Canada’s ‘borrowing binge’ has put economy in precarious position, report warns


Friday, September 22nd, 2017

Households will feel pain, but Canada seen to be in good shape if recession hits

Garry Marr
The Vancouver Sun

Moody’s Analytics calls it “mortgage meltdown math”, but the subsidiary of the ratings agency paints an ugly picture of what could happen to the Canadian economy if everything goes wrong in the housing market.

A report from Moody’s economist Brendan LaCerda says total outstanding credit to the non-financial sector is well above international averages with the government backing most of Canada’s mortgage insurance.

“Fortunately, the government’s finances appear healthy enough to sustain a large bailout in a severely adverse scenario,” writes LaCerda. “Canadians’ borrowing binge has put the economy in a precarious position.”

The non-financial sector includes households, non-profit institutions serving households and financial corporations excluding banks.

Moody’s says low interest rates have driven the demand for mortgages and homes and caused the increase in residential property prices. That has led to more expensive homes, forcing new home buyers to borrow even more.

“This cycle is inducing fears of a bubble. If a recession were to hit the economy, many households would find themselves with negative equity and reduced incomes, raising the spectre of a swell in non-performing loans as homeowners default,” the report notes.

The problem for the government is that although banks hold the loans, a little over half of all mortgages are insured by the Canada Mortgage and Housing Corp., which is 100 per cent backed by Ottawa.
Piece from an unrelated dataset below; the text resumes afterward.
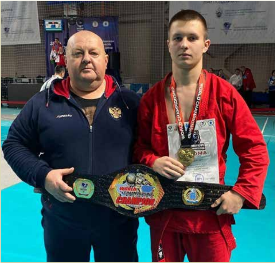
Лев Трофимов вместе с тренером Сергеем Чертолиным после победы на первенстве мира.

Этот вид спорта, выросший из русского рукопашного боя, едва ли кого-то заставит скучать. Он подобрал в себя множество других дисциплин — от спортивной гимнастики до лёгкой атлетики. Прежде чем выйти на ринг, спортсмены должны преодолеть полосу препятствий, в том числе, например, пробежать по гимнастическому бревну, выстрелить из пистолета в цель, мет-

Two private companies, who hold the rest of mortgage default insurance market, are 90 per cent backed by Ottawa.

“Mortgage insurance is required for loans obtained with less than a 20 per cent down payment, which implies that the loans CMHC is insuring have a smaller-than-average equity cushion,” LaCerda states.
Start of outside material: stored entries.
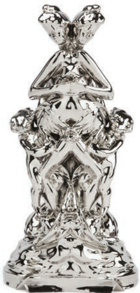
La Jeunesse Rorschach , 2013 nickel-plated bronze, 46.6 x 22.9 x 16.2 cm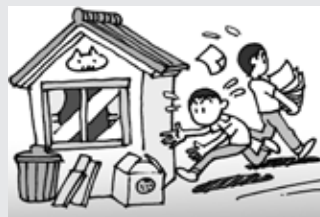
家の周りはスッキリさせる。いつも整理整頓を！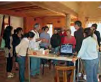
Atelier compostage – mai 2010

Nous proposons aussi des formations et serons présents sur certains marchés.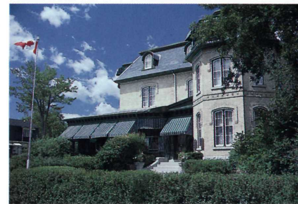
La maison est ouverte toute l'année. The house is open year-round.

Certaines pièces sont consacrées à sir Wilfrid Laurier et contiennent des meubles et des objets qui lui ont appartenu. King se considérait comme le fils spirituel de Laurier, et on voit un peu partout sur les murs des images qui rappellent son souvenir.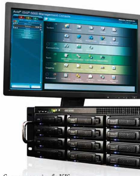
Система семейства ISIS

Ответственность за создание и вещание широкого спектра телепередач YLE, включая сериалы, документальные филь-

The analyst notes that the likelihood of a major downturn in the housing market is low and Moody’s Analytics own forecast shows that housing prices will slightly dip and then level off over the next year. “But supposing such a severely adverse scenario comes to pass, the ability of the government to absorb CMHC’s losses is worth considering.”
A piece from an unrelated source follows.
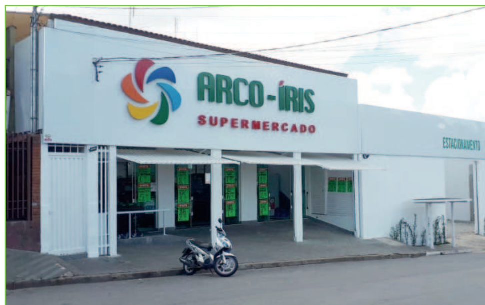
A nova loja do Arco Íris fica na Av. Sete de Setembro, 160 - bairro Nova Aparecida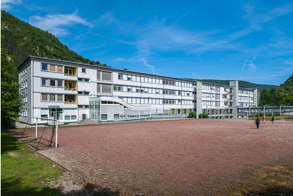
Internat : façade Est, terrain de football.

The report focuses on the rise of credit in Canada’s non-financial private sector and compares it to the international average. Based on data from the Bank for International Settlements for 42 countries, the average credit outstanding to the non-financial sector was 154 per cent of GDP in the first quarter of 2017, compared to Canada’s 217 per cent.

“Considering only the debt of households and nonprofits as a share of GDP, Canada ranks fifth highest in the world,” writes the economist.

The positives for Canada is it’s in relatively good shape compared to its industrialized peers with a debt-to-GDP ratio of about 79 per cent of GDP in the first quarter of 2017, says Moody’s.

“Even if CMHC realized a total loss on its more than $500 billion of insurance guarantees, which is nonsensical given the collateral value of the underlying homes, and the government completely bailed them out, its debt-to-GDP ratio would rise to about 105 per cent,” writes LaCerda. “Such an increase would raise Canada above the U.S. at 99 per cent but still keep it below many of Europe’s largest economies.”

In a scenario where all of CMHC’s insured borrowers made only the five per cent down payment and house prices fall 25 per cent, and all borrowers default, that would mean a 20 per cent loss of its portfolio and $100 billion government bailout. In that case, Canada would still have a lower debt-to-GDP ratio than the U.S.

“Government finances would face additional sources of stress during a severe recession, but the prior considerations do not even include the potential assistance from the Bank of Canada. On the other hand, a bailout for the private mortgage insurance would also be necessary. But their exposure is less than half of CMHC. A bailout of CMHC would be extremely costly and unpopular, but the rise in the government’s debt-to-GDP ratio would not put Canada on the fringe of the world’s economies,” the report concludes.